In all cases, write some brief interpretation in a markdown cell.

*Predicting a continuous variable*

Classification problems are typically binary or categorical - which category do you predict a given observation to fall into. In some cases, however, we might want to predict a continuous variable, such as the percentage of "yes" votes on Prop 21. For this we can use `RandomForestRegressor`, which works very similarly to `RandomForestClassifier`. You can follow exactly the same steps: create the `rf` object, fit the model, and predict using the test sample.
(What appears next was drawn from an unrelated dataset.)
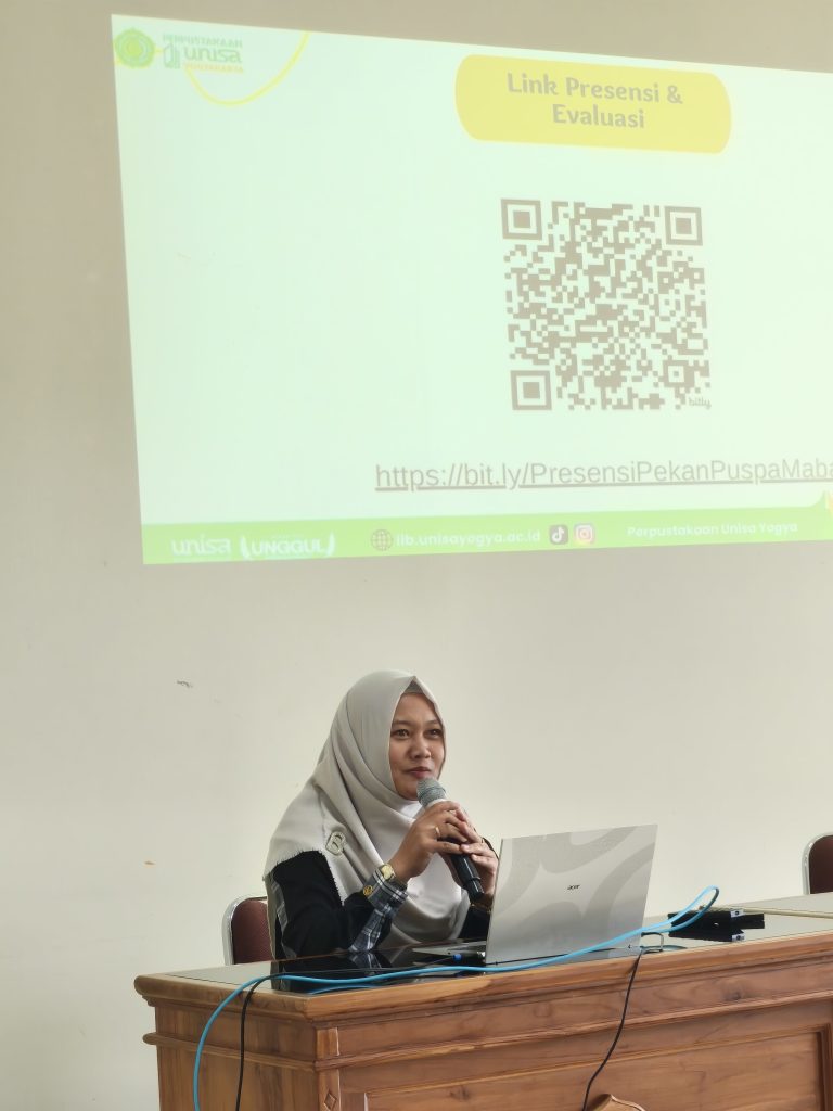 Library Orientation Sesi 4 UNISA Yogyakarta Berlangsung Interaktif dan Inspiratif. Kegiatan ini berlangsung Kamis, 9 Oktober 2025. Pekan Pustakawan Menyapa (PUSPA) merupakan kegiatan Library Orientation bagi semua mahasiswa baru di UNISA Yogyakarta. Kegiatan ini digelar secara hybrid, secara luring di Ruang Sidang sebelah timur lantai 2 Gedung Siti Moendjijah dan daring melalui Zoom Meeting. Pelaksanaan Library Orientation hari ke empat ini kegiatan berlangsung meriah dengan dihadiri mahasiswa baru lintas prodi. Acara diawali dengan sambutan pembukaan oleh bapak Ibu Dita Rachmawati, SIP, selaku moderator yang menekankan pentingnya mengenal perpustakaan sejak awal masa kuliah.

How do you evaluate model performance? Since we have a continuous variable, we can't use the confusion matrix. But we can look at the absolute error (each predicted value minus the true value for each of our test precincts). I.e., `abs(y_pred-y_test)`. You can also do a scatter plot of the predicted values against the true values. The divergence from the 45 degree line is a good indication of how well the model fits.